As a food lover, this was my only area of concern. Hospital food in Scotland has to meet nutritional standards but I’m not sure this applied to my Sunday evening meal.


My friends know me well and had kindly selected some of my favourite foods to take into hospital. Thankfully I was able to supplement my meal with fresh fruit and homemade muslei bars (I was starving) but you have to wonder about the nutritional status of long term patients? Nutrition is key to recovery and reducing the risk of complications; hopefully the celebrity chef drive to improve the standard of hospital food will be successful and lead to sustainable change.

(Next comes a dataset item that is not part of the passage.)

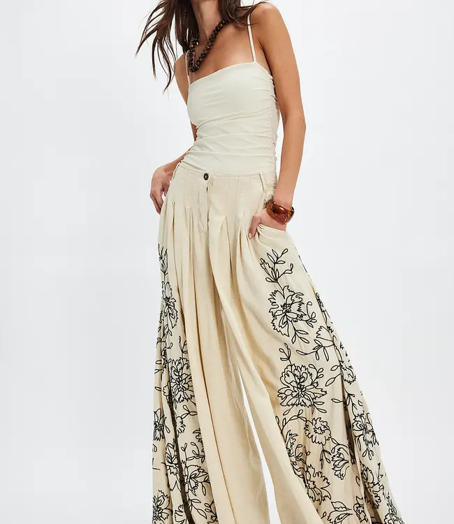 So boldly embroidered, these unique pants are featured in a billowy wide-leg fit with floral embroidery at the sides and pleating at the top for added shape.

So I’m now back at home resting up and patiently letting my body heal. I’ve been surprised just how much surgery takes out of you. The tiredness takes a while to shift and at just over two weeks post op I’m now managing to get through the day without a nap. I’ve been dreaming…..I dreamt I’d been paddling one of my friends boats (which I would never fit into), mountain biking and doing a ridge walk so hopefully that is a sign of things to come. My glute has halved in size during this time which is astonishing so lots of hydrotherapy and physio to follow.